For the purposes of this tutorial, we will utilize a Redis server maintained by the SAGA Project team on a Virtual Machine at Indiana University. We have set up environment variables in your home directories on repex1 that contain the 'secret' password to this VM. Please note that after this tutorial is complete, you will be able to reference this page to learn how to setup your own Redis server.
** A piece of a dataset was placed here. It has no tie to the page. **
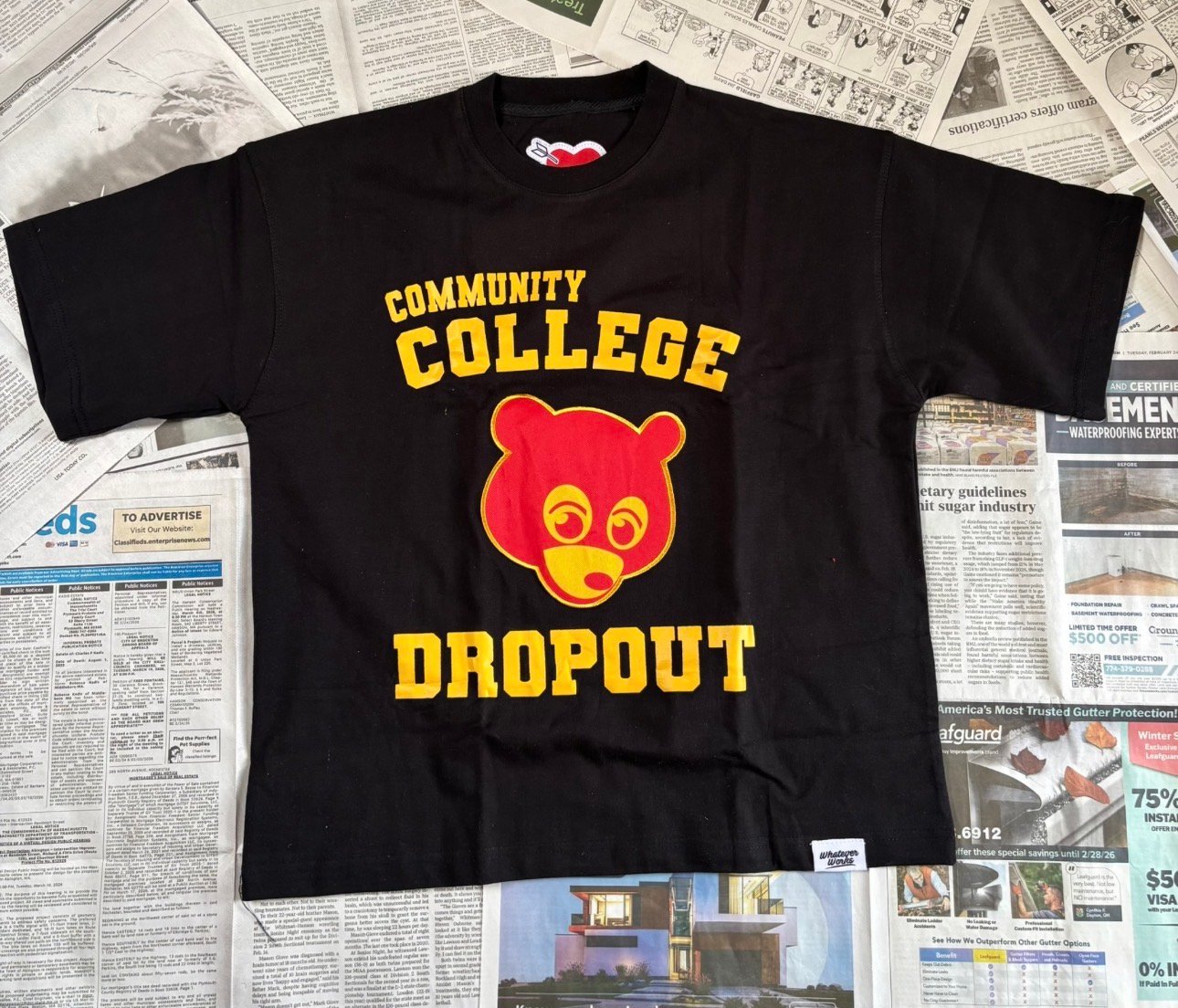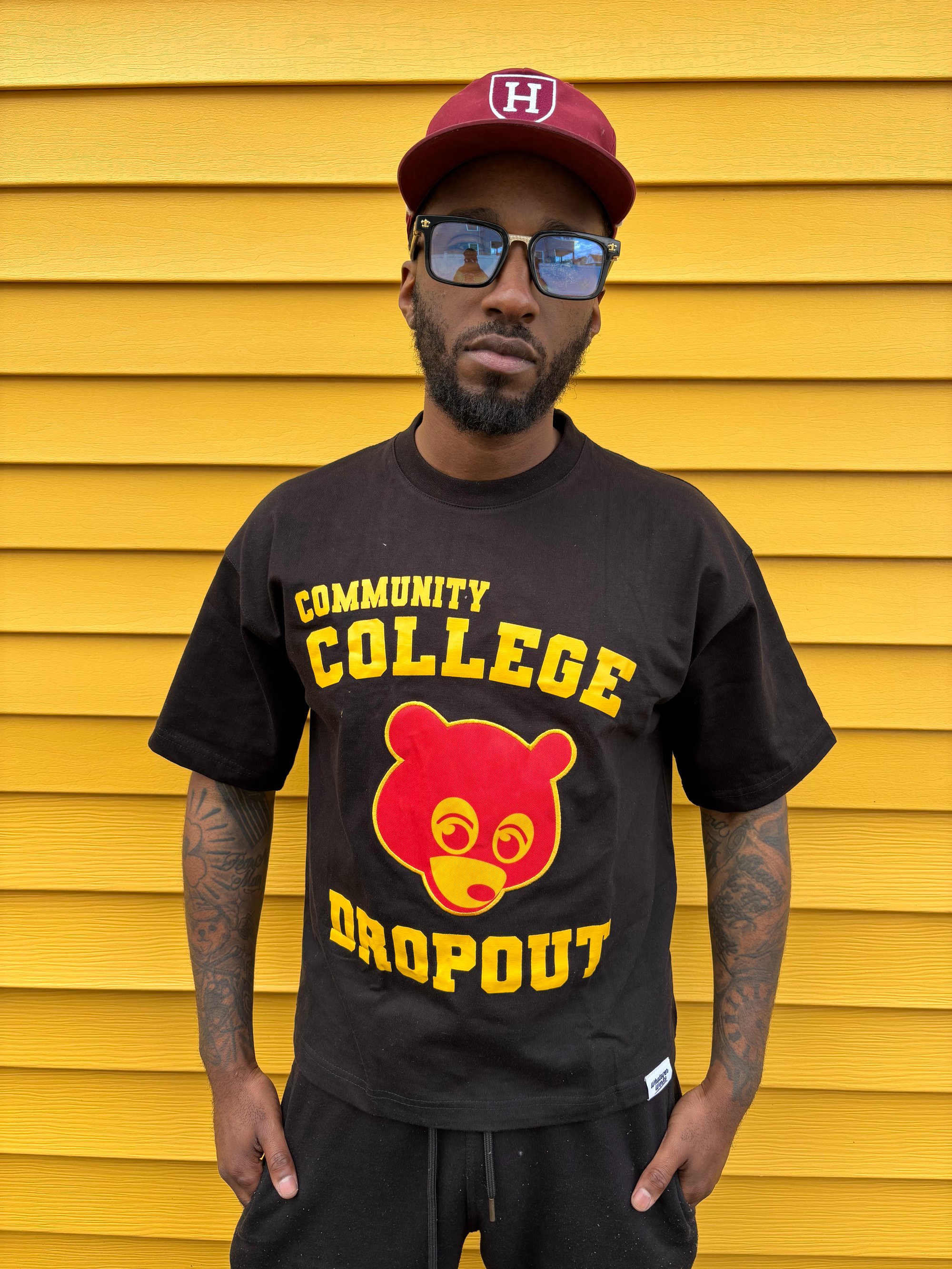 Community College Dropout Collab with Whatever Works And HeartBreak Culprit. The Tee is promo for Comedian Harvards Eye Album "Community College Dropout" Which is available now on all streaming platforms.

This example runs NUMBER_JOBS (32) concurrent '/bin/echo' tasks on TACC's Stampede cluster. A 32-core pilot job is initialized and 32 single-core tasks are submitted to it. This example also show basic error handling via 'try/except' and coordinated shutdown (removing pilot from stampede's queue) once all tasks have finished running via finally (line 74).
Preparation
-
Take a look at the full example code on GitHub.
-
Create a new file in your home directory, copy & paste the code into it and save it, e.g., as
simple-ensemble.py.
Execution
Execute the Python script:
python simple-ensemble.py
The output will look something like this:
* Submitted task '0' with id 'cu-262ee4a2-e992-11e2-9fe1-14109fd519a1' to stampede.tacc.utexas.edu
* Submitted task '1' with id 'cu-26464cbe-e992-11e2-9fe1-14109fd519a1' to stampede.tacc.utexas.edu
[...]
* Submitted task '31' with id 'cu-2905ac74-e992-11e2-9fe1-14109fd519a1' to stampede.tacc.utexas.edu
Waiting for tasks to finish...
Terminating BigJob...
Discussion
Let's analyze the script that we just ran in order to understand the important components of a BigJob script.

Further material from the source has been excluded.